1. Chan Chan – Peru

Construções de barro

Construído no ano de 850, na costa noroeste do Peru, Chan Chan foi a capital do reino de Chimú antes da ascensão do império inca, no século 15. Foi a maior cidade da América pré-colombiana, com divisões em palácios e cidadelas autônomas que mostravam a estratégia política e o rigor social da época.

Porém, a cidade é naturalmente frágil, já que foi construída de barro. Fenômenos como o El Niño ajudam a acelerar o processo de erosão do local, que também sofre com práticas agrícolas ilegais em seu entorno.

2. Timbutku – Mali

Al-Qaeda ameaça derrubar o que eles chamam de ídolos religiosos
Al-Qaeda ameaça derrubar o que eles chamam de ídolos religiosos

No centro da cidade de Timbutku, no Mali, encontram-se 3 mesquitas e 16 mausoléus que formam um dos primeiros lugares sagrados para o islamismo na África. Eles se tornaram patrimônio da humanidade por conta de sua história, sua importância religiosa e sua arquitetura.

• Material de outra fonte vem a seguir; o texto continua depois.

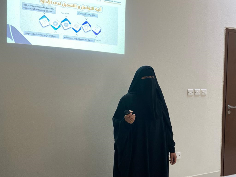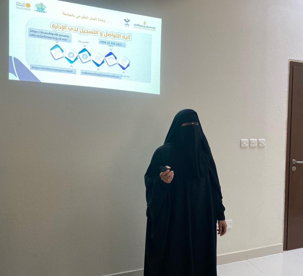 وتحت عنوان (وطن طموح ومواطن مسؤول) تم تعريف الحضور بوحدة العمل التطوعي بجامعة جازان بقيادة عمادة شؤون الطلاب والتي تُعنى بالأعمال التطوعية ضمن فريق متكامل: كفرق الدعم وفرق التصاميم وفرق الإرشاد السياحي وفرق الاستشارة وغيرها وذلك وفق رؤية ورسالة واضحة تهدف إلى نشر ثقافة العمل التطوعي وبناء شراكات مع القطاعات وتأهيل الطلاب بالمهارات اللازمة بهذا الشأن

Porém, grupos radicais como o Al-Qaeda são contra esse tipo de idolatria religiosa, ameaçando destruir deliberadamente qualquer símbolo com essas características. Desde 2012, cresce a tensão de que aconteça com esse templo religioso a mesma tragédia que atingiu os Budas de Bamian, esculpidos em pedra no Afeganistão e bombardeados pelo Talibã.

3. Parque Nacional Simien – Etiópia

Grande acúmulo de gado prejudica a fauna e a flora locais
Grande acúmulo de gado prejudica a fauna e a flora locais

Com montanhas deslumbrantes e vales escarpados sensacionais, o Parque Nacional Simien, na Etiópia, é lar de uma grande variedade de animais selvagens raros. Porém, a expansão agrícola desenfreada, o acúmulo excessivo de gados e o esgotamento dos recursos naturais estão causando um grande impacto na região. Flora e fauna estão ficando cada vez mais escassas, em uma situação com poucas chances de reversão natural.

4. Barreira de Corais – Belize

Grande Buraco Azul é uma das maiores atrações turísticas de Belize
Grande Buraco Azul é uma das maiores atrações turísticas de Belize

A maior barreira de corais do Hemisfério Norte (e segunda maior do mundo) fica em Belize, tem cerca de 300 quilômetros de extensão e concentra uma vida marinha surpreendente. Além disso, uma floresta de mangue, grandes lagoas e o Grande Buraco Azul, com mais de 120 metros de profundidade, formam um espetáculo aos visitantes.

O problema é que o turismo na região está desenfreado. Estima-se que mais de 40% dos corais já sofreram danos irreparáveis desde 1998. A pesca, a poluição oceânica e a perfuração de poços de petróleo ameaçam essa beleza natural. Para piorar, grandes furacões, causados por mudanças climáticas, também contribuem para desolar ainda mais o local.

5. Damasco – Síria

Após reforma, Catedral Bagrati está bem descaracterizada em comparação ao que era no passado
Após reforma, Catedral Bagrati está bem descaracterizada em comparação ao que era no passado

A cidade de Damasco, capital da Síria, é a mais antiga do mundo ainda com habitantes. Também chamada de “capital cultural das arábias”, Damasco tem uma história de mais de 11 mil anos!

Porém, constantes conflitos na região, principalmente com destruição de patrimônios mundiais pelo Estado Islâmico, colocam Damasco com grande possibilidade de se tornar uma cidade fantasma. Diversos morteiros e bombardeios estão alterando a paisagem da região, danificando construções milenares e “expulsando” habitantes que não querem sofrer com os horrores da guerra.

6. Parque Nacional de Virunga – Congo

Primeiro parque nacional da África sofre com o desenvolvimento descontrolado
Primeiro parque nacional da África sofre com o desenvolvimento descontrolado

Virunga é o primeiro parque nacional de toda a África, mas, mesmo assim, sofre com o desmatamento e a caça ilegal. Isso se acentuou ainda mais depois de 1994, quando Ruanda, país vizinho ao Congo, sofreu uma grande guerra civil que criou um fluxo enorme de refugiados que se esconderam em Virunga.

7. Forte Portobelo – Panamá

Falta de conservação ameaça a história do Panamá
Falta de conservação ameaça a história do Panamá

As ruínas do Forte Portobelo são fascinantes por seguirem a arquitetura militar espanhola do final do século 17. Elas podem ajudar a contar a história da colonização do país e o seu impacto na estrutura e na transformação da região. Porém, elas estão praticamente abandonadas pelo poder público, com falta de manutenção periódica que faz com que grandes estragos se acentuem ainda mais.